• DESCRIPTION OF THE TASK
Everything from the line holding "Unique restaurant in" through the final line of the records is to be transcribed exactly, except pictures, and nothing beyond that.

--

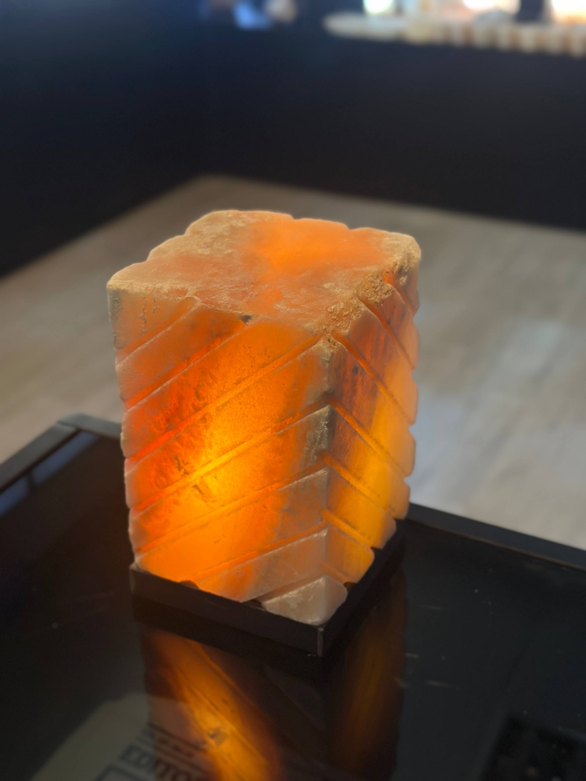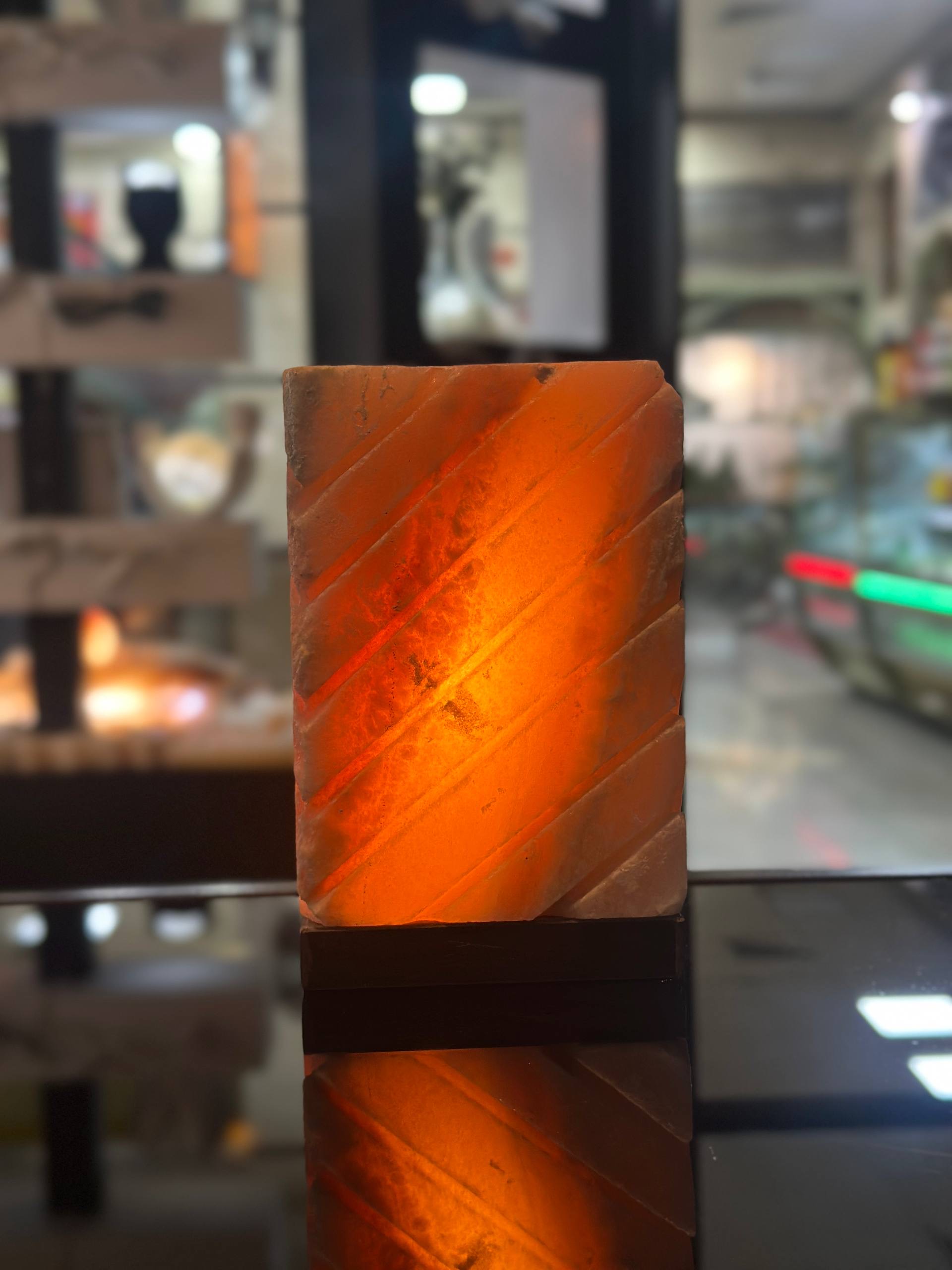 آباژومستطیل ایستاده سنگ نمک جنس مجسمه از پلی استر جنس گوی از سنگ نمک طبیعی هر سنگ نمک با دیگری متفاوت است و هیچ محصولی کاملا یکسان نیست
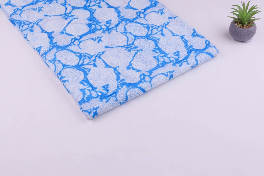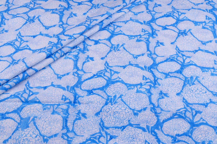 Azure Pure Soft Cotton HandBlock Printed Fabric
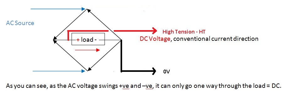 As you can see, as the AC voltage swings +ve and -ve, it can only go one way through the load = DC.
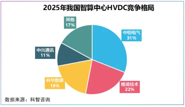 公开数据显示,2025年,中恒电气以31%的市占率拔得我国智算中心HVDC市场头筹,紧跟其后的是维谛技术(22%)。
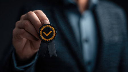 Person is holding a small, round, quality assurance award with a black ribbon. The award features a gold checkmark symbol. The person wearing a dark suit is seen from the mid-section up.
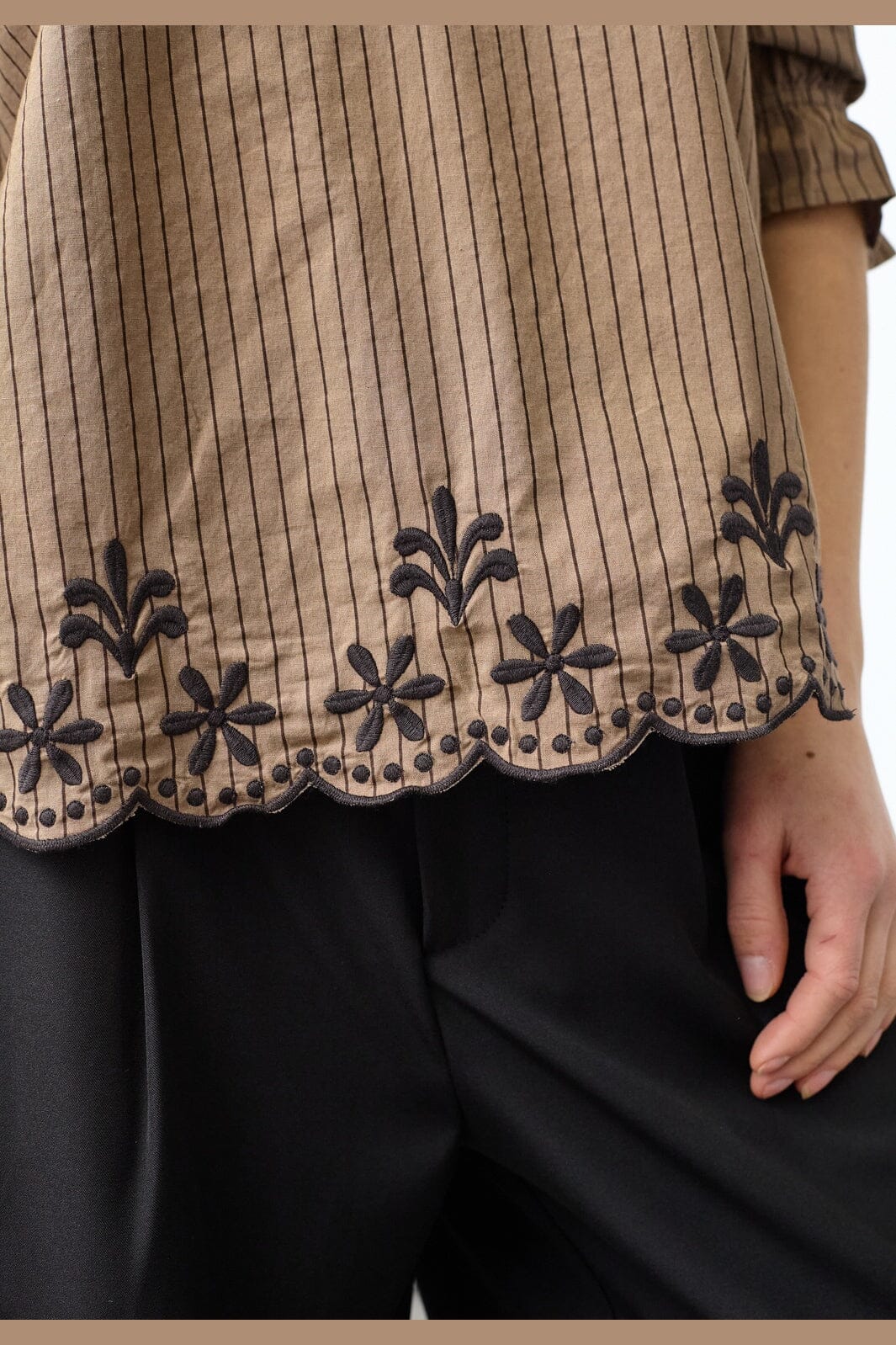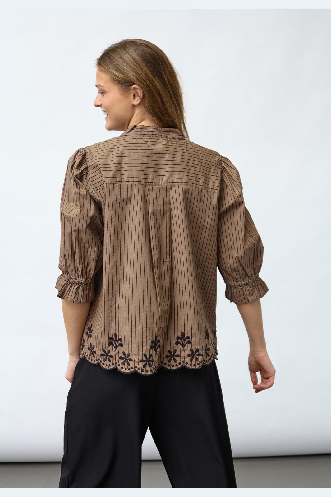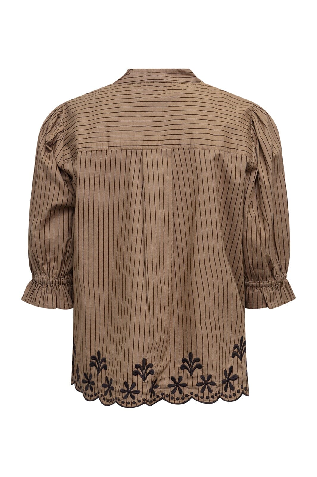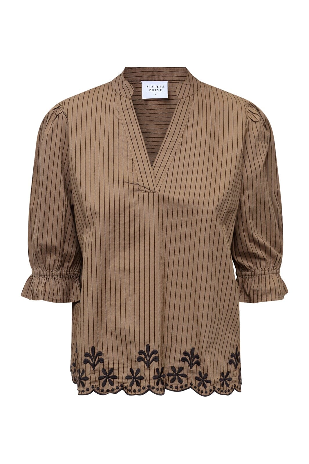 Bluse von Sisters Point mit braun gestreiften vertikalen Linien und einer lockeren Passform. Die Bluse hat Dreiviertelärmel und einen V-Ausschnitt mit kleinem Kragen.
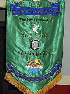The lodge was consecrated on 9th October 1958. The banner shows a dove, the coat of arms of the town of Berkhampstead and a rainbow over an Ark. The coat of arms shows the towns former castle and the surround of golden orbs indicates the castle once formed part of the Duchy of Cornwall.
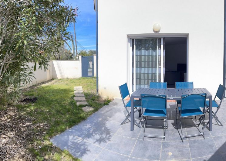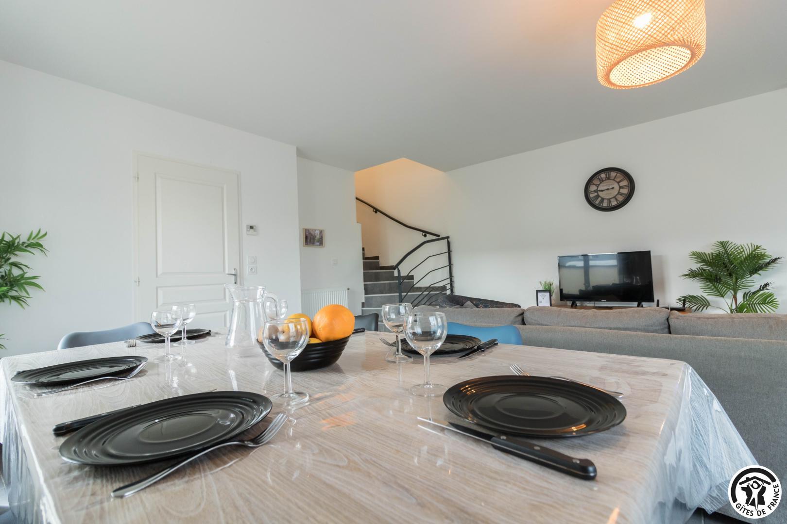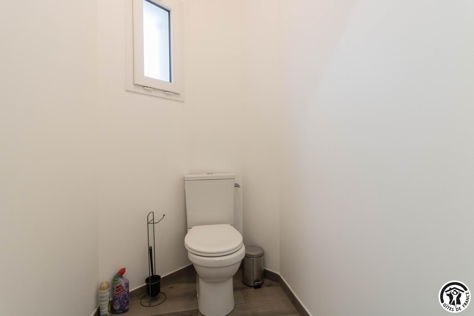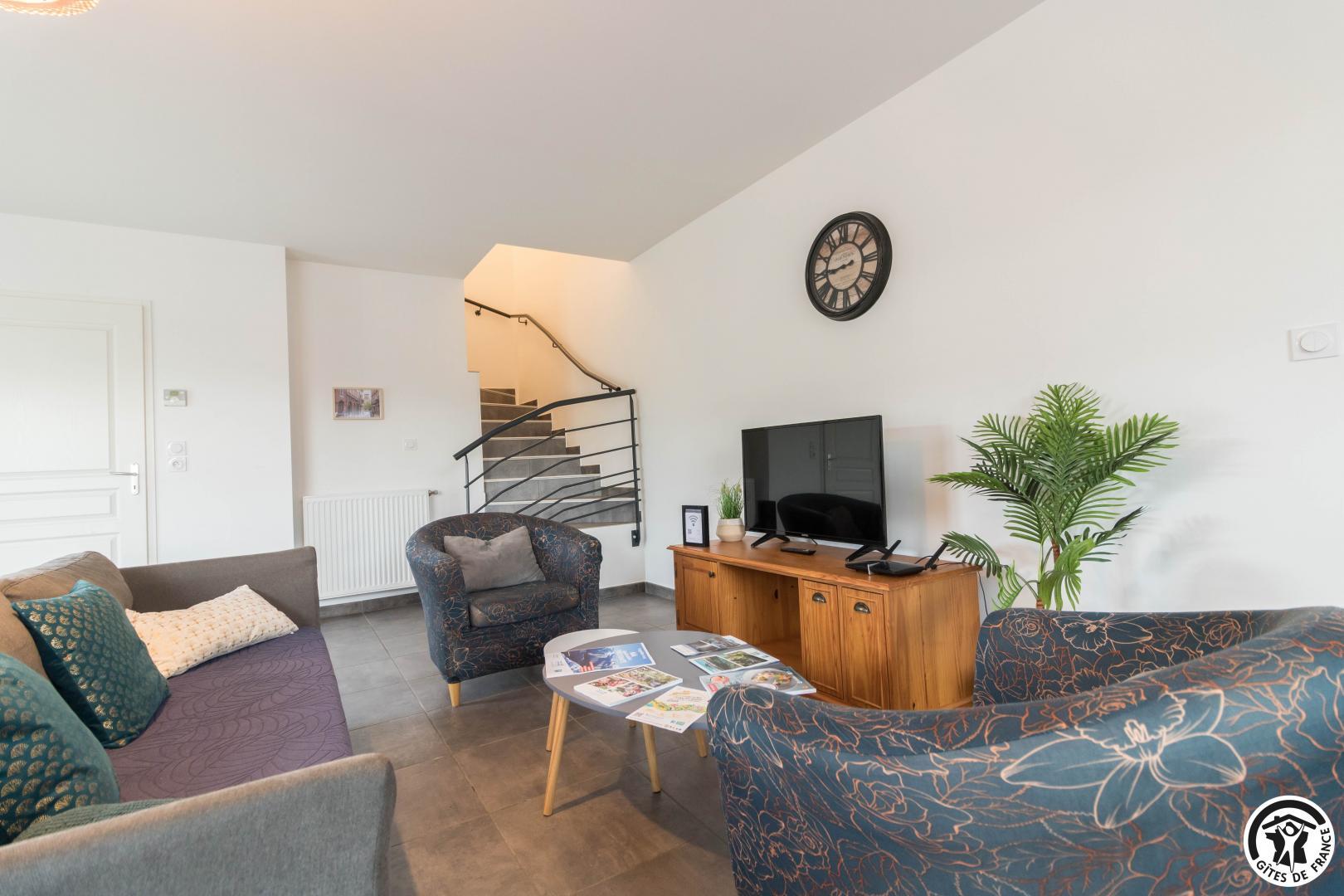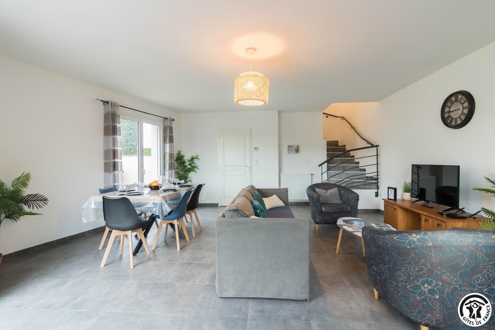 Au rez-de-chaussée : un salon lumineux, une cuisine entièrement équipée, une entrée et des WC.
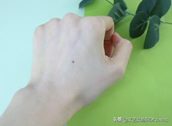 在手上做測(cè)試的效果,一點(diǎn)都不油膩,有美白補(bǔ)水的效果
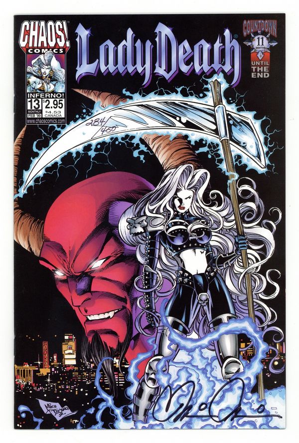 $38.00Dynamic Forces Signed Edition - Limited to 450 Signed Copies. Signed and numbered by Brian Pulido. Includes Certificate of Authenticity from Dynamic Forces. Cover by Mike Deodato Jr. "Inferno!" [Part 1], script by David Quinn, art by Mike Deodato Jr.; After 400 years, Lady Death is once again able to walk the earth and returns to her hometown in Germany; In their human guises, Lucifer and his allies begin to cement their hold over the city of Las Vegas; Michael watches over the human, Hope, little realizing that Leviatha is getting closer to her by pretending to be her friend; When Hope is attacked by the horsemen of the apocalypse, she manifests Lady Death; Michael is recalled to Heaven by Gabriella. 36 pgs., full color. $2.95. Cover price $2.95.
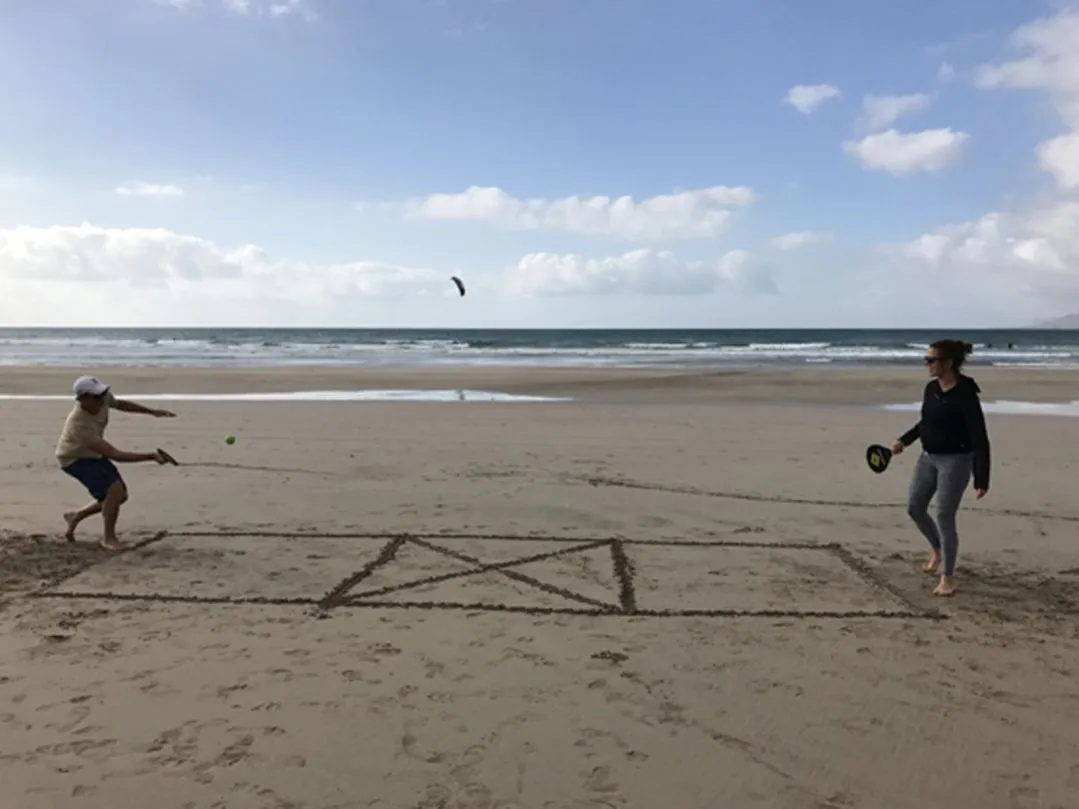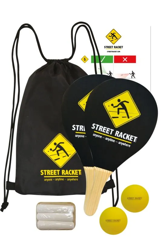 Das Set beinhaltet 2 schwarz lackierte Holzschläger mit Logoprint und wertigen Naturholzgriffen, 2 Softbälle (PU, Ø 70 mm) sowie 3x Straßenmalkreide zur Markierung der Spielfläche. Alles in Tragetasche mit Logoprint und Kordelzug verpackt.
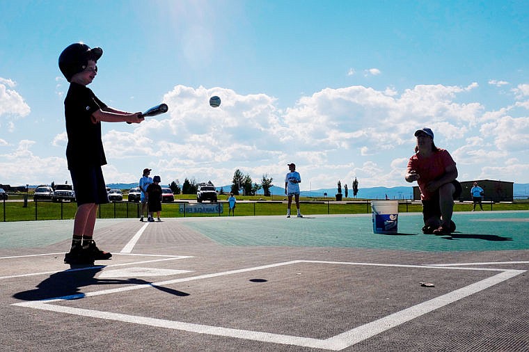 Jennifer Johnson, right, pitches the ball Tuesday afternoon during a baseball game at Miracle Field at Kidsports Complex in Kalispell. July 8, 2014 in Kalispell, Montana. (Patrick Cote/Daily Inter Lake)
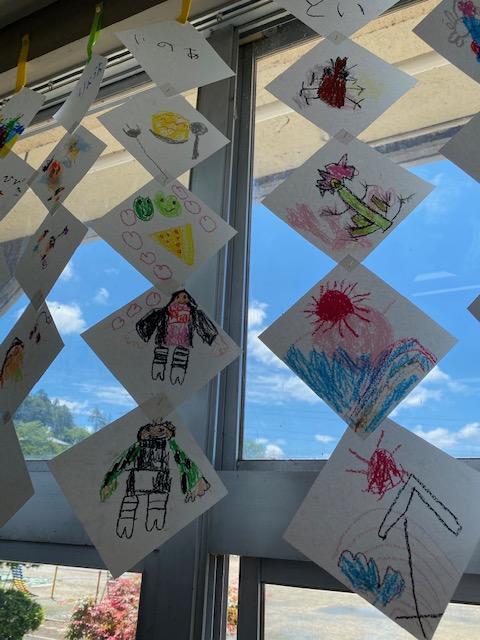 ほほう。まどのほうに いっぱい さがっているね。なにを つくったの。
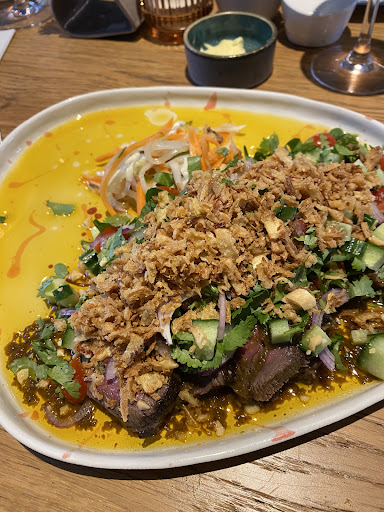 Unique restaurant in the heart of Dixmude. International cuisine with stars and stripes. Thai beef salad is the greatest ever eaten in Belgium. Vegetarians are welcome. All dishes prepared from scratch. The nice and friendly hosts welcome you in their nicely and internationally decorated place. So food, atmosphere and decoration match 100%. We’ll come back. Proficiat...
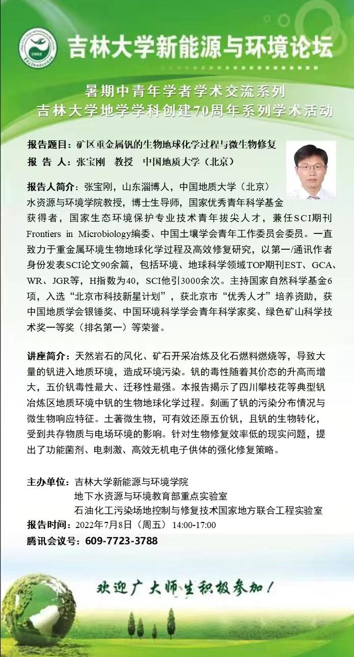新葡萄8883官网AMG论坛-暑期中青年学者学术交流系列 吉林大学地学学科创建70周年系列学术活动(之二)

--

• YOUR RESPONSE
 Unique restaurant in the heart of Dixmude. International cuisine with stars and stripes. Thai beef salad is the greatest ever eaten in Belgium. Vegetarians are welcome. All dishes prepared from scratch. The nice and friendly hosts welcome you in their nicely and internationally decorated place. So food, atmosphere and decoration match 100%. We’ll come back. Proficiat...
新葡萄8883官网AMG论坛-暑期中青年学者学术交流系列 吉林大学地学学科创建70周年系列学术活动(之二)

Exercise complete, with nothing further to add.